[Start of section]

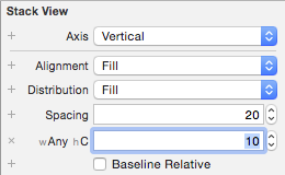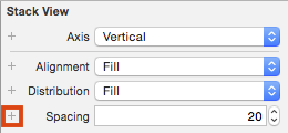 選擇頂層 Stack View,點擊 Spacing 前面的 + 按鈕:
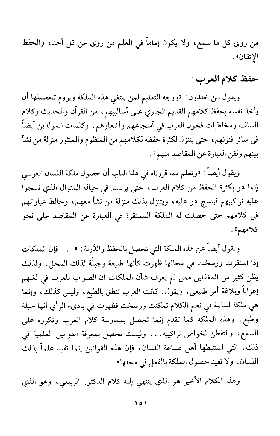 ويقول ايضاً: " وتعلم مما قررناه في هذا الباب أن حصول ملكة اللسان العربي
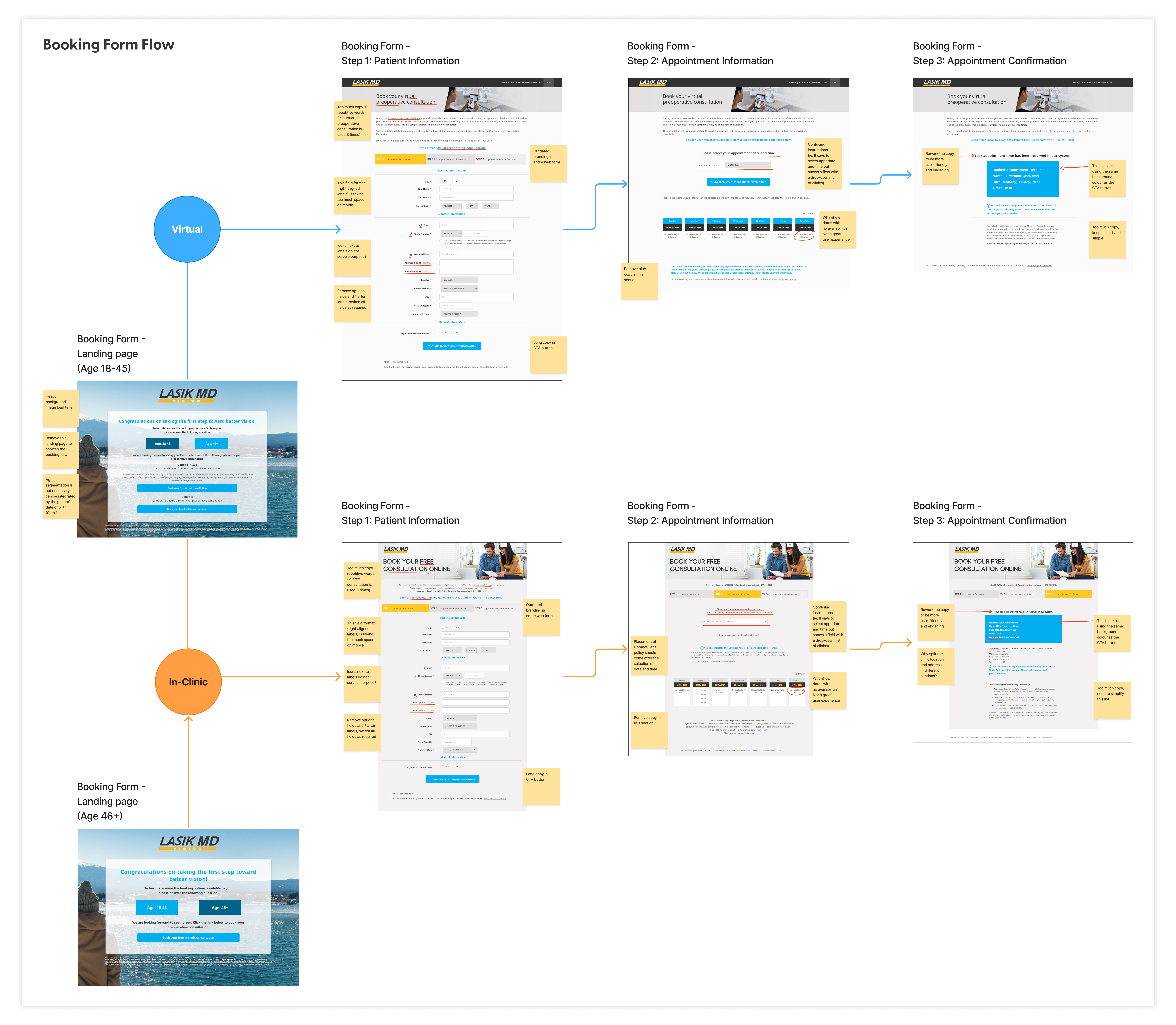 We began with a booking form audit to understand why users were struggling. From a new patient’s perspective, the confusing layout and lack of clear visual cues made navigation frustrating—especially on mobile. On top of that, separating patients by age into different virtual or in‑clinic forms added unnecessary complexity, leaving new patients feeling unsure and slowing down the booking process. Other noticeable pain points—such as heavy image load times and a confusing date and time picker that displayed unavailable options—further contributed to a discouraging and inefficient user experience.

[End of section]
[Start of section]

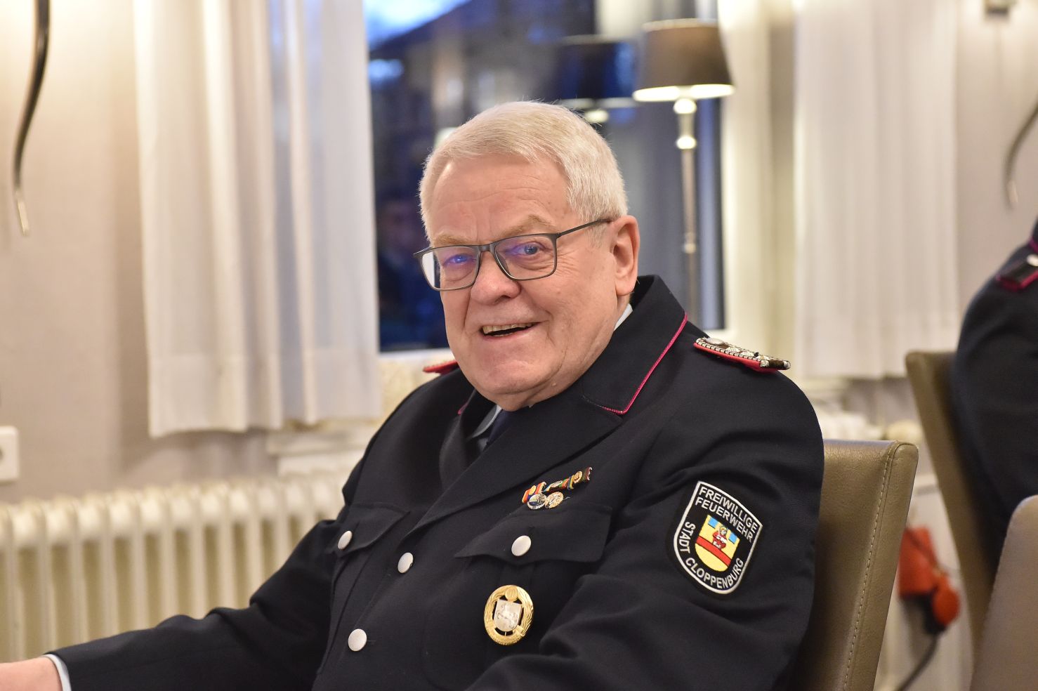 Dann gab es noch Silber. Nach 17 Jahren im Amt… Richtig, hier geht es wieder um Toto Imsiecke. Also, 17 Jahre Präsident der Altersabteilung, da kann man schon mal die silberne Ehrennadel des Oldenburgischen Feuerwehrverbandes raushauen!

[End of section]

* _Exercise goal_:
Range to copy from the listing above: the line with "選擇頂層 Stack View,點擊" through the line with "We began with". Transcribe it exactly and skip the pictures.

* _Task solution_:
 選擇頂層 Stack View,點擊 Spacing 前面的 + 按鈕:
 ويقول ايضاً: " وتعلم مما قررناه في هذا الباب أن حصول ملكة اللسان العربي
 We began with a booking form audit to understand why users were struggling. From a new patient’s perspective, the confusing layout and lack of clear visual cues made navigation frustrating—especially on mobile. On top of that, separating patients by age into different virtual or in‑clinic forms added unnecessary complexity, leaving new patients feeling unsure and slowing down the booking process. Other noticeable pain points—such as heavy image load times and a confusing date and time picker that displayed unavailable options—further contributed to a discouraging and inefficient user experience.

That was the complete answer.